_INFORMATION SUPPLIED_:
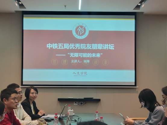 在交流环节,同学们积极踊跃地发言,向何副部长交流关于就业的相关问题,何副部长耐心地一一为同学们做出解答。讲座最后,向仲敏书记援引《论语·先进篇》中孔门四科进行了总结,认为中铁五局的用人标准与孔子的选人标准遥相呼应,鼓励同学们进德、求学、修业,到社会的熔炉中去锻炼自己。何萍副部长也祝福同学们路越走越宽,拥有美好的明天。
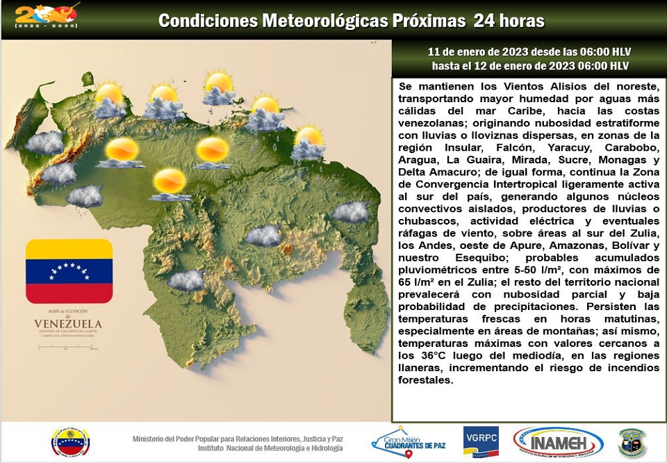 El organismo indicó en su reporte diario de Twitter que podrían originarse lluvias dispersas en Región insular, Falcón, Yaracuy, Carabobo, Aragua, Miranda, La Guaira, Sucre, Monagas y Delta Amacuro.
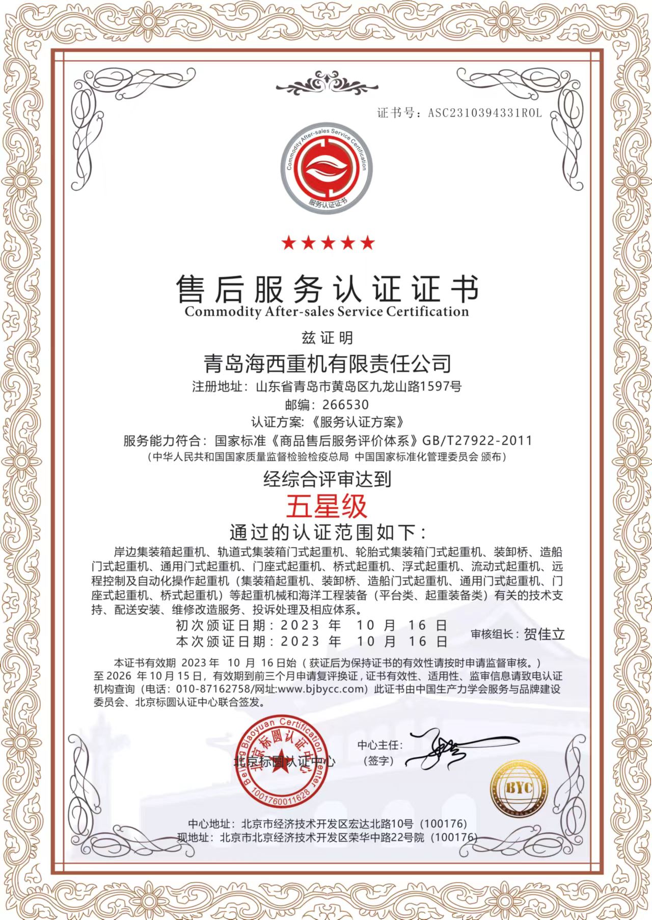 近日,中國船舶集團(tuán)旗下武漢船機(jī)海西重機(jī)公司售后服務(wù)通過中國生產(chǎn)力學(xué)會(huì)服務(wù)與品牌建設(shè)委員會(huì)、北京標(biāo)圓認(rèn)證中心聯(lián)合認(rèn)證,榮獲五星級(jí)認(rèn)證證書。這一認(rèn)證的獲得,不僅僅是對(duì)海西重機(jī)售后服務(wù)成果的認(rèn)可,更是對(duì)海西重機(jī)致力于提供優(yōu)質(zhì)服務(wù)能力的肯定。

_PROBLEM_: Repeat the data exactly in full, omitting its pictures.

_PROBLEM SOLUTION_:
 在交流环节,同学们积极踊跃地发言,向何副部长交流关于就业的相关问题,何副部长耐心地一一为同学们做出解答。讲座最后,向仲敏书记援引《论语·先进篇》中孔门四科进行了总结,认为中铁五局的用人标准与孔子的选人标准遥相呼应,鼓励同学们进德、求学、修业,到社会的熔炉中去锻炼自己。何萍副部长也祝福同学们路越走越宽,拥有美好的明天。
 El organismo indicó en su reporte diario de Twitter que podrían originarse lluvias dispersas en Región insular, Falcón, Yaracuy, Carabobo, Aragua, Miranda, La Guaira, Sucre, Monagas y Delta Amacuro.
 近日,中國船舶集團(tuán)旗下武漢船機(jī)海西重機(jī)公司售后服務(wù)通過中國生產(chǎn)力學(xué)會(huì)服務(wù)與品牌建設(shè)委員會(huì)、北京標(biāo)圓認(rèn)證中心聯(lián)合認(rèn)證,榮獲五星級(jí)認(rèn)證證書。這一認(rèn)證的獲得,不僅僅是對(duì)海西重機(jī)售后服務(wù)成果的認(rèn)可,更是對(duì)海西重機(jī)致力于提供優(yōu)質(zhì)服務(wù)能力的肯定。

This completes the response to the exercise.